Remo is the guy that played Gus Grissom in The Right Stuff, only now Fred Ward's a cop who gets shoved into the East River by a CIA bulldozer and fished out by skin-divers so he can have his face changed by surgically removing a mustache. Once we can't recognize him, he gets bossed around by Wilford Brimley of Cocoon and becomes the Super Scum Scooper, working for the last secret agency on Earth that still believes in good honest police work, like blowing up evil businessmen and making it look like they had a little accident with their Powerlift Skil Saw. But you can't start wasting Lockheed executives your very first day, so Remo gets sent to Joel Grey, who's been freeze-dried and kept in a Korean missile silo ever since "Cabaret," and now he's trained his body to dodge bullets and slice corned beef without a knife. He spends most of his time putting Remo up on 30-story ledges and taking him to Coney Island and climbing up and down the Statue of Liberty while three goonies crack lug wrenches on his skull to he can learn to "forget fear." After he learns Kung Fu, karate, ninjitsu, and tofu, Joel Grey teaches Remo how to run across wet cement.

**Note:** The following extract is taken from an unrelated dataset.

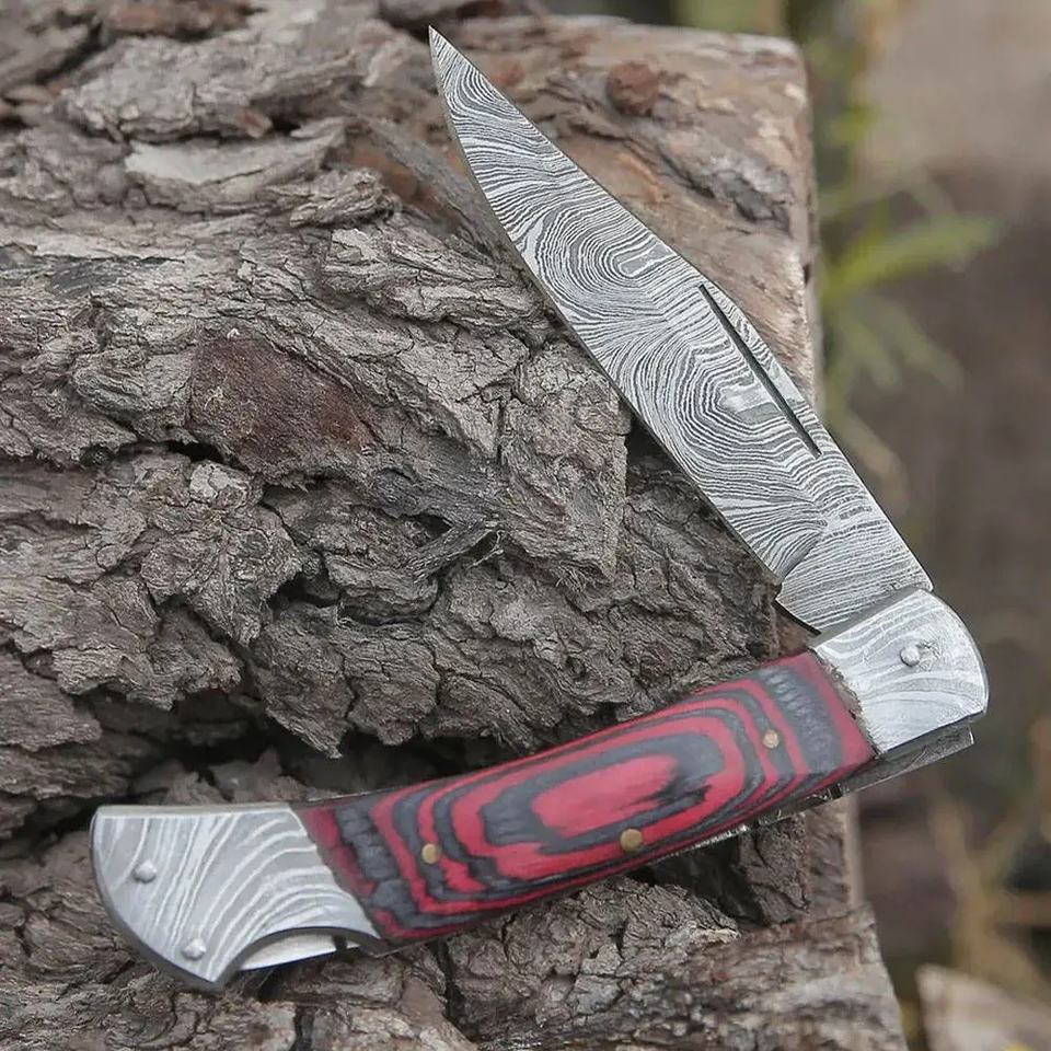 Jexmoo Industrial Grade OEM Custom Handmade Damascus Steel Pocket Knife Leather Sheath for Anniversary Gift Groomsman Present
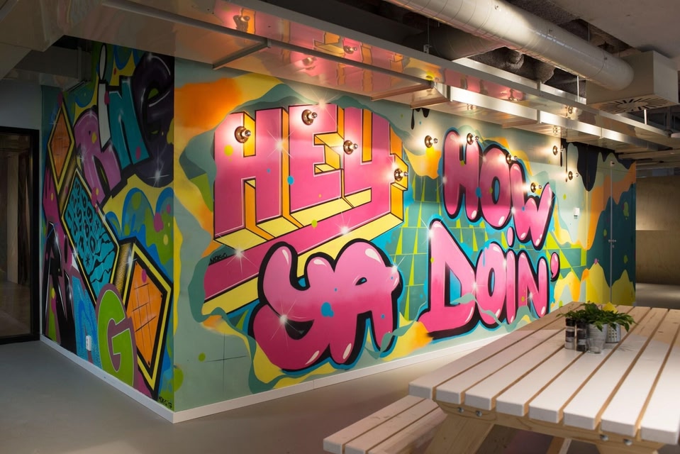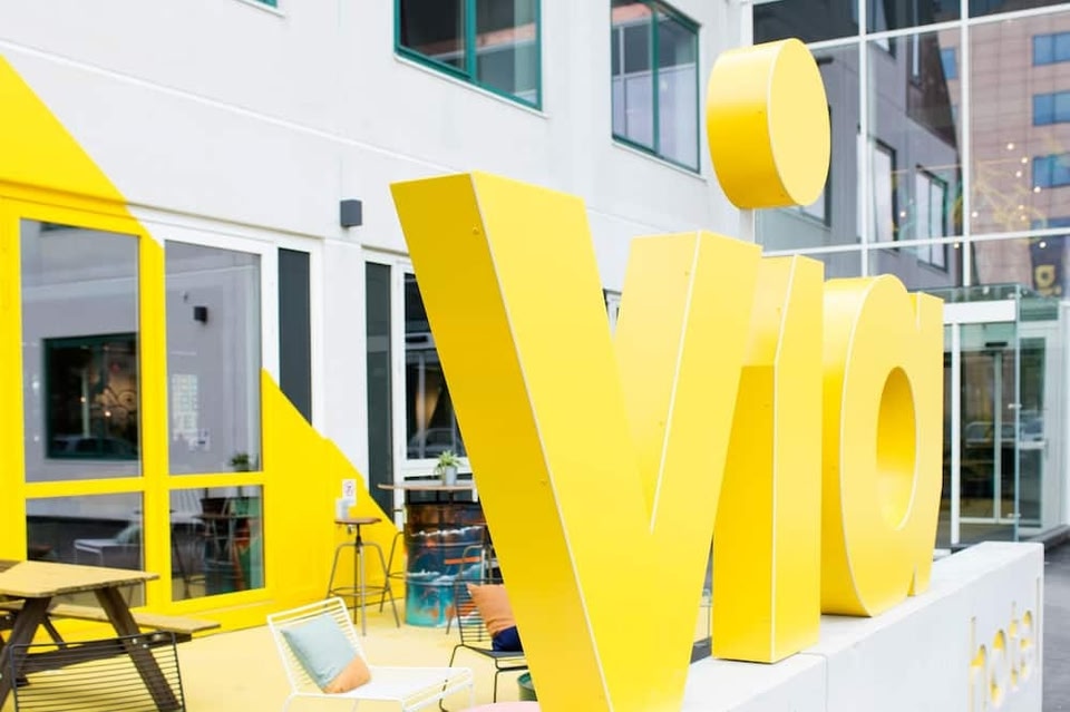 Located 10 minutes by metro from the city center, Via Amsterdam is a design-led hybrid hostel and hotel with street art and urban design featured throughout the building.

He's ready to go run around missile factories with a bimbo Army major who wears high heels and says "I'm gonna file a sixteen-eleven" a lot. Remo bristles at the bimbo command, but still manages to kill the meanie, shut the Major up, save her life, keep her from getting a rip in her stocking, fight off three killer dogs, dodge automatic machine gun fire, and blow up half of West Virginia.
Ten dead bodies.
Two pints blood.
Three motor vehicle chases.
Drowned patrol car.
Gratuitous exploding Army recruit.
Walking on water.
Gas chamber fu.
Drive-In Academy Award nominations for Fred Ward, the only actor capable of fulfilling the name "Remo";
his sidekick J.A. Preston, for saying "Remember--in and out, like a duck mating";
the 108-year-old Joel Grey, for saying, "You move like a pregnant yak";
and Guy Hamilton, the director, who ain't made anything this decent since 007 classic "Goldfinger." Joe Bob says check it out.
JOE BOB'S ADVICE TO THE HOPELESS
New Line Cinema in New York City finally called up to explain why Heather Langenkamp, the new Jamie Lee Curtis scream queen, was not re-signed for Nightmare On Elm Street Part 2. These guys claim Heather ran off and got married to Bob Dylan's keyboard player and hasn't been seen since. Can it be? Am I supposed to believe this? One day she's a drive-in star and the next day she's layin cross a big brass bed with some piano player? Remember, without eternal vigilance, it can happen to your mother.
Dear Joe Bob:
Two questions: 1) What are you on? and 2) Can I have some?
I'm from South Texas and down here we spell it MESCUN not MESKIN.
I'm on somethin they bring up from Mesko.